● **Data**:
---

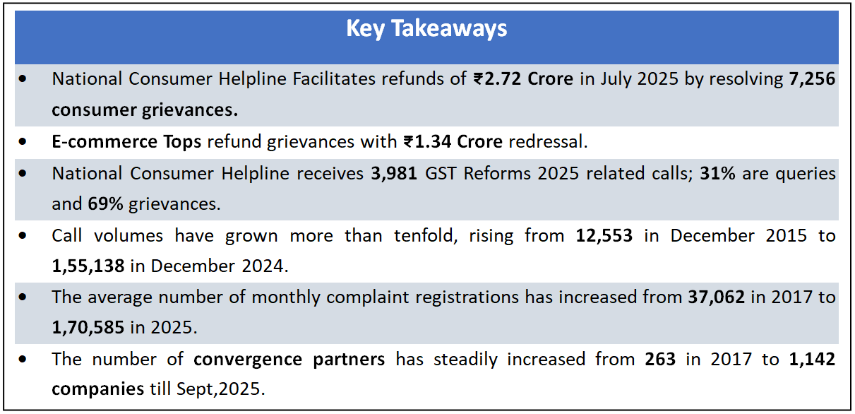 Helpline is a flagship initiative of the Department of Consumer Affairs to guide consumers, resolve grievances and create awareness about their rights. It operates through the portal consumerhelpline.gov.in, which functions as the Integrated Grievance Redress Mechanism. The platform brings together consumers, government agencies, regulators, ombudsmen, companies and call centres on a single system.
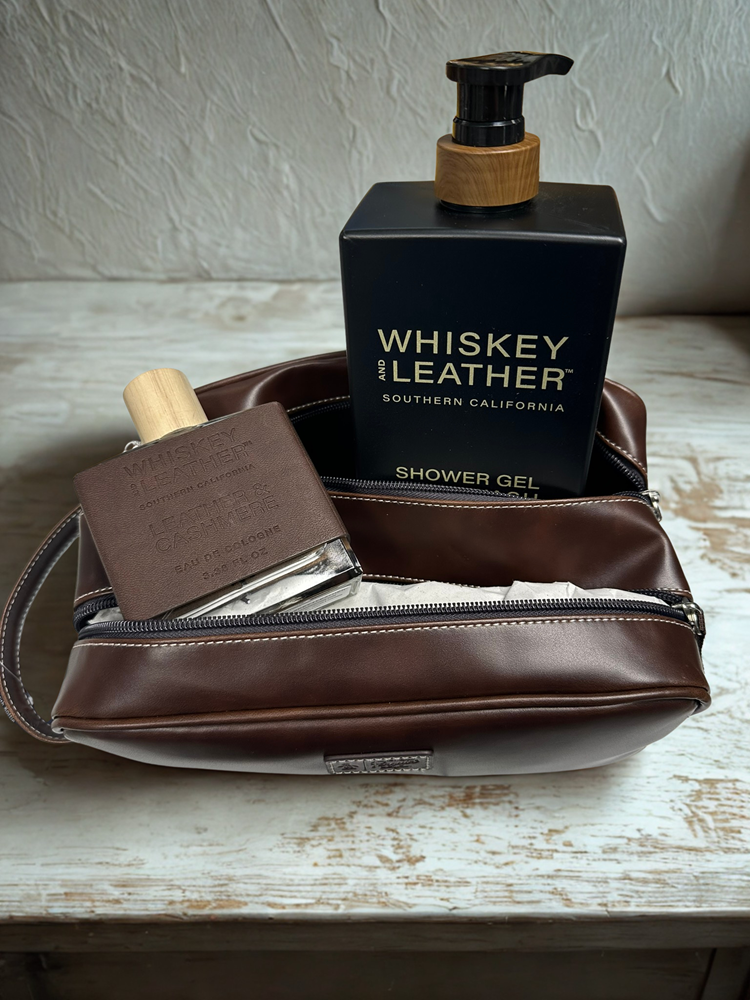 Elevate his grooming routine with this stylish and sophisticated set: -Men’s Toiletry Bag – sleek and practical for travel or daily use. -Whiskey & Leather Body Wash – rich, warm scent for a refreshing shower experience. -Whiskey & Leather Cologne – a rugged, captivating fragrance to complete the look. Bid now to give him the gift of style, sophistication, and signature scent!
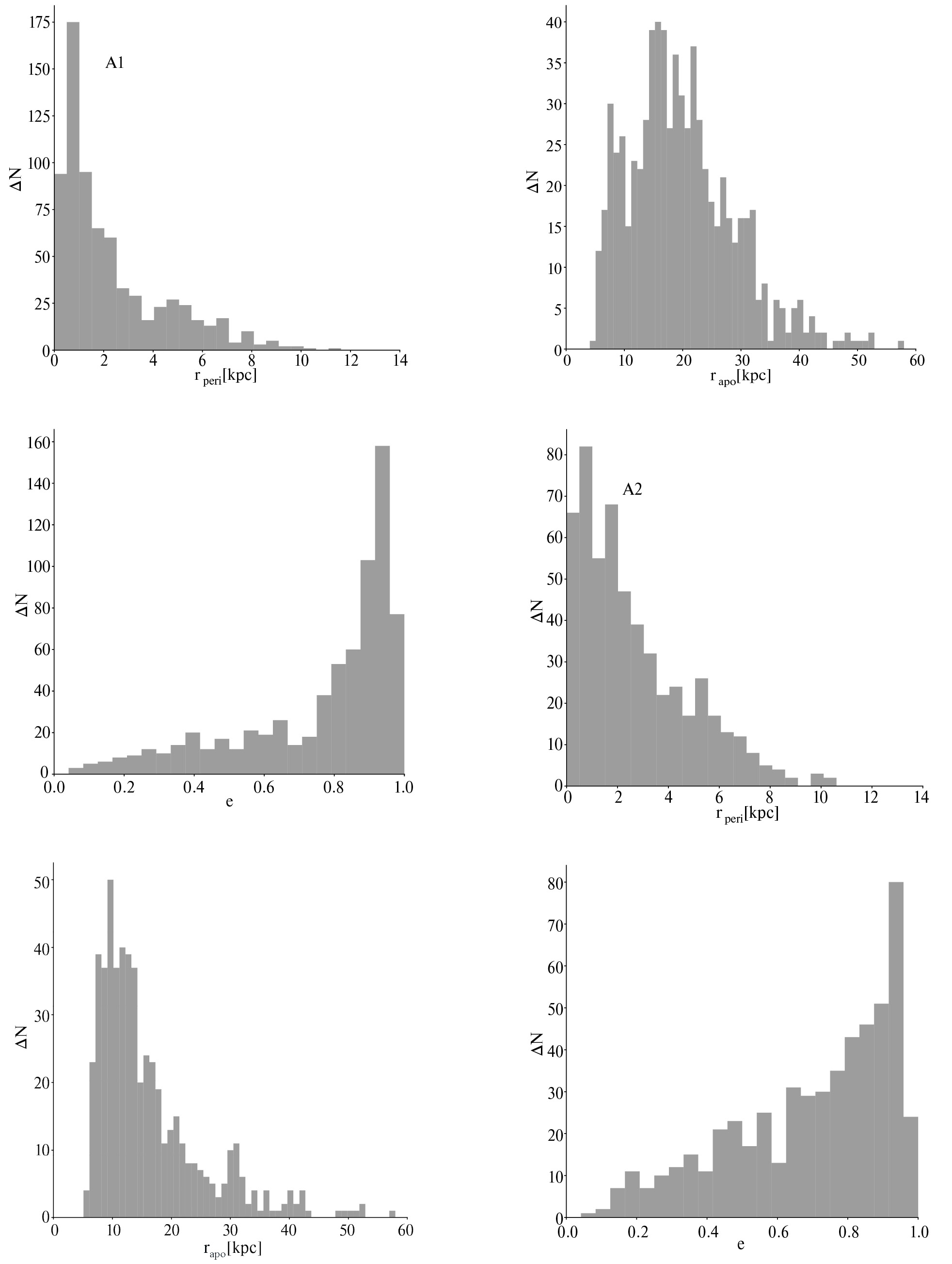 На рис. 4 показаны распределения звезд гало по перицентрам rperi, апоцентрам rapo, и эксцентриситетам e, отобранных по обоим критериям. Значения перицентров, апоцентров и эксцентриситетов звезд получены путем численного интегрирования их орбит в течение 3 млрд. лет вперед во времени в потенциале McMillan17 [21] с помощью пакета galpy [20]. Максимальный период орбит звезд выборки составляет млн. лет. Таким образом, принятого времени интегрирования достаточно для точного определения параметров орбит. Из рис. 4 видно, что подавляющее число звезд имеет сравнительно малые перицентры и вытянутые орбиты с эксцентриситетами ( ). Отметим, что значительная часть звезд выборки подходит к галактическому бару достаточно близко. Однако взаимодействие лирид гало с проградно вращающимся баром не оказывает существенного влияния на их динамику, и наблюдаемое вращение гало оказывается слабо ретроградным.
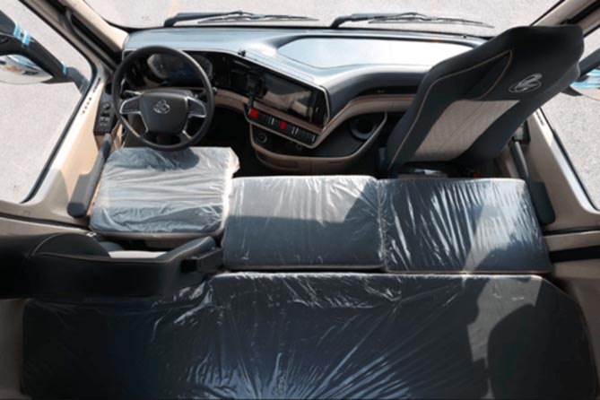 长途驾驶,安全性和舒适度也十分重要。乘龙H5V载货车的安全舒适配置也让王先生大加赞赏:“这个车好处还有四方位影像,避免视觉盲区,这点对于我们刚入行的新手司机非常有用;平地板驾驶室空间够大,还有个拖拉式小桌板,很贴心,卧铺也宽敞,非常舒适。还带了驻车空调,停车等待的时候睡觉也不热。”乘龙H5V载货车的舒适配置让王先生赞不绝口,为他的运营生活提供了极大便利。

---

When you write out the material, keep every line exact and leave out each picture.

 Helpline is a flagship initiative of the Department of Consumer Affairs to guide consumers, resolve grievances and create awareness about their rights. It operates through the portal consumerhelpline.gov.in, which functions as the Integrated Grievance Redress Mechanism. The platform brings together consumers, government agencies, regulators, ombudsmen, companies and call centres on a single system.
 Elevate his grooming routine with this stylish and sophisticated set: -Men’s Toiletry Bag – sleek and practical for travel or daily use. -Whiskey & Leather Body Wash – rich, warm scent for a refreshing shower experience. -Whiskey & Leather Cologne – a rugged, captivating fragrance to complete the look. Bid now to give him the gift of style, sophistication, and signature scent!
 На рис. 4 показаны распределения звезд гало по перицентрам rperi, апоцентрам rapo, и эксцентриситетам e, отобранных по обоим критериям. Значения перицентров, апоцентров и эксцентриситетов звезд получены путем численного интегрирования их орбит в течение 3 млрд. лет вперед во времени в потенциале McMillan17 [21] с помощью пакета galpy [20]. Максимальный период орбит звезд выборки составляет млн. лет. Таким образом, принятого времени интегрирования достаточно для точного определения параметров орбит. Из рис. 4 видно, что подавляющее число звезд имеет сравнительно малые перицентры и вытянутые орбиты с эксцентриситетами ( ). Отметим, что значительная часть звезд выборки подходит к галактическому бару достаточно близко. Однако взаимодействие лирид гало с проградно вращающимся баром не оказывает существенного влияния на их динамику, и наблюдаемое вращение гало оказывается слабо ретроградным.
 长途驾驶,安全性和舒适度也十分重要。乘龙H5V载货车的安全舒适配置也让王先生大加赞赏:“这个车好处还有四方位影像,避免视觉盲区,这点对于我们刚入行的新手司机非常有用;平地板驾驶室空间够大,还有个拖拉式小桌板,很贴心,卧铺也宽敞,非常舒适。还带了驻车空调,停车等待的时候睡觉也不热。”乘龙H5V载货车的舒适配置让王先生赞不绝口,为他的运营生活提供了极大便利。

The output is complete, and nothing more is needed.